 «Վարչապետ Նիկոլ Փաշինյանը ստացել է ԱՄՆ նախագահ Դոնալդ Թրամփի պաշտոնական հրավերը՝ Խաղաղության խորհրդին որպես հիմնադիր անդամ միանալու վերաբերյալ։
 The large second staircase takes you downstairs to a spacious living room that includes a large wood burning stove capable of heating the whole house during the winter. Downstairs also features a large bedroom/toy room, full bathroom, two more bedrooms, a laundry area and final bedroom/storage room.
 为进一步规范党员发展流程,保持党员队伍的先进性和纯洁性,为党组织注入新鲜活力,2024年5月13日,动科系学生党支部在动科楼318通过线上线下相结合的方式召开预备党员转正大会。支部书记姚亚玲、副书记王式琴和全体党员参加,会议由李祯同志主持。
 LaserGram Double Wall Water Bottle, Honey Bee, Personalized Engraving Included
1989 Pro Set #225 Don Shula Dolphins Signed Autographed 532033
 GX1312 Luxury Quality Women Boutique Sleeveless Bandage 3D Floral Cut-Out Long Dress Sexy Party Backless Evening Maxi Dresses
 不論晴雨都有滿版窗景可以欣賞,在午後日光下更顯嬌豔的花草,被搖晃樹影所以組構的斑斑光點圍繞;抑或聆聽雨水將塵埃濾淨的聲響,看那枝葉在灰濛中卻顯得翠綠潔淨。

■ ■ ■ ■ ■ ■ ■

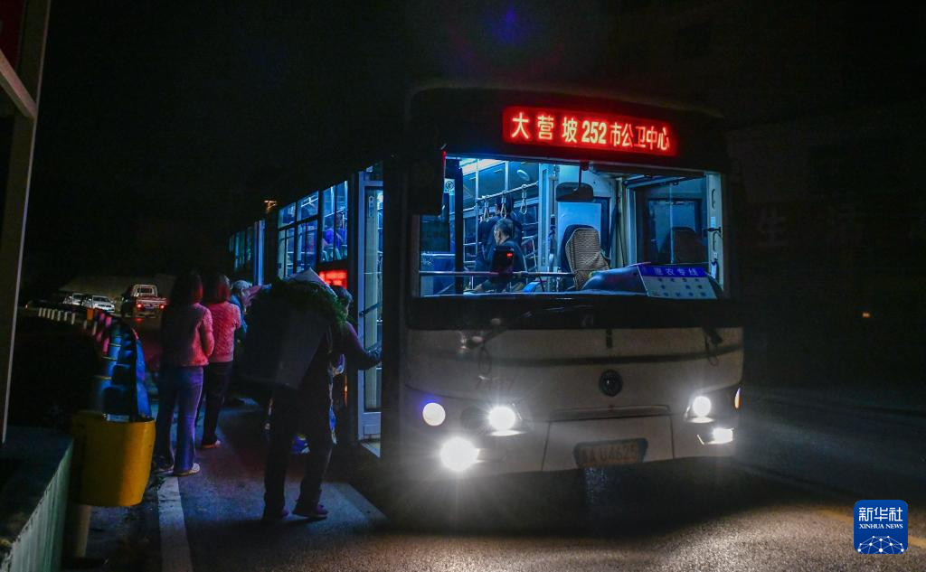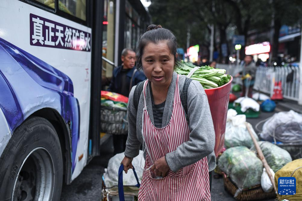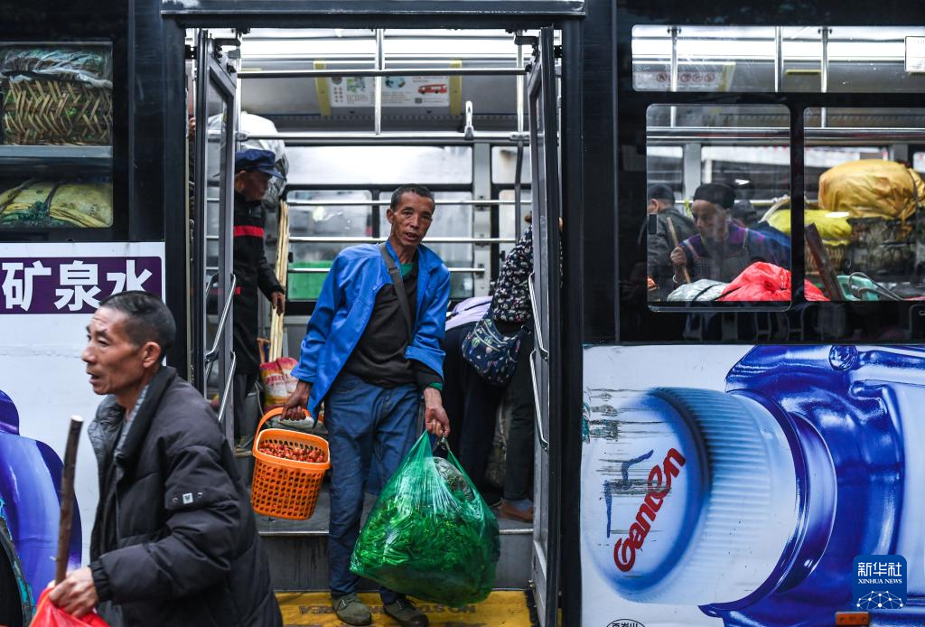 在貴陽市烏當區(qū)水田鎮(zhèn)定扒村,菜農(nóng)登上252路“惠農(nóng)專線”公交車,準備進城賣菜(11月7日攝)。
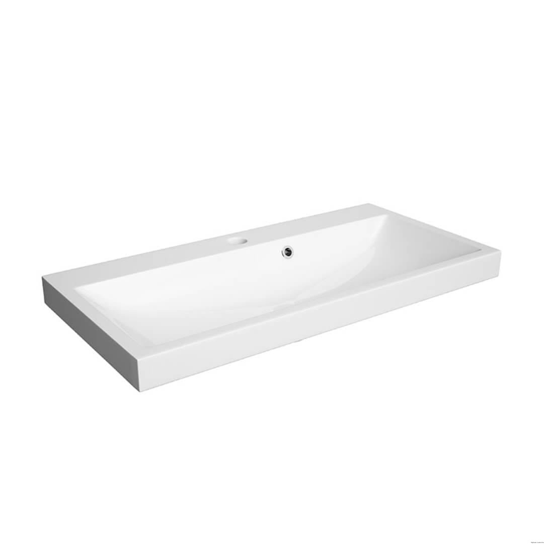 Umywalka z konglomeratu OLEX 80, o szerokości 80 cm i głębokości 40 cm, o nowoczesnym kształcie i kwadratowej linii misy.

■ ■ ■ ■ ■ ■ ■

» **Task**: Beginning with the line holding "անդամ միանալու վերաբերյալ։" and ending with the line holding "LaserGram Double Wall", write out the stretch of material above exactly; add no further lines.

» **Result below**:
 «Վարչապետ Նիկոլ Փաշինյանը ստացել է ԱՄՆ նախագահ Դոնալդ Թրամփի պաշտոնական հրավերը՝ Խաղաղության խորհրդին որպես հիմնադիր անդամ միանալու վերաբերյալ։
 The large second staircase takes you downstairs to a spacious living room that includes a large wood burning stove capable of heating the whole house during the winter. Downstairs also features a large bedroom/toy room, full bathroom, two more bedrooms, a laundry area and final bedroom/storage room.
 为进一步规范党员发展流程,保持党员队伍的先进性和纯洁性,为党组织注入新鲜活力,2024年5月13日,动科系学生党支部在动科楼318通过线上线下相结合的方式召开预备党员转正大会。支部书记姚亚玲、副书记王式琴和全体党员参加,会议由李祯同志主持。
 LaserGram Double Wall Water Bottle, Honey Bee, Personalized Engraving Included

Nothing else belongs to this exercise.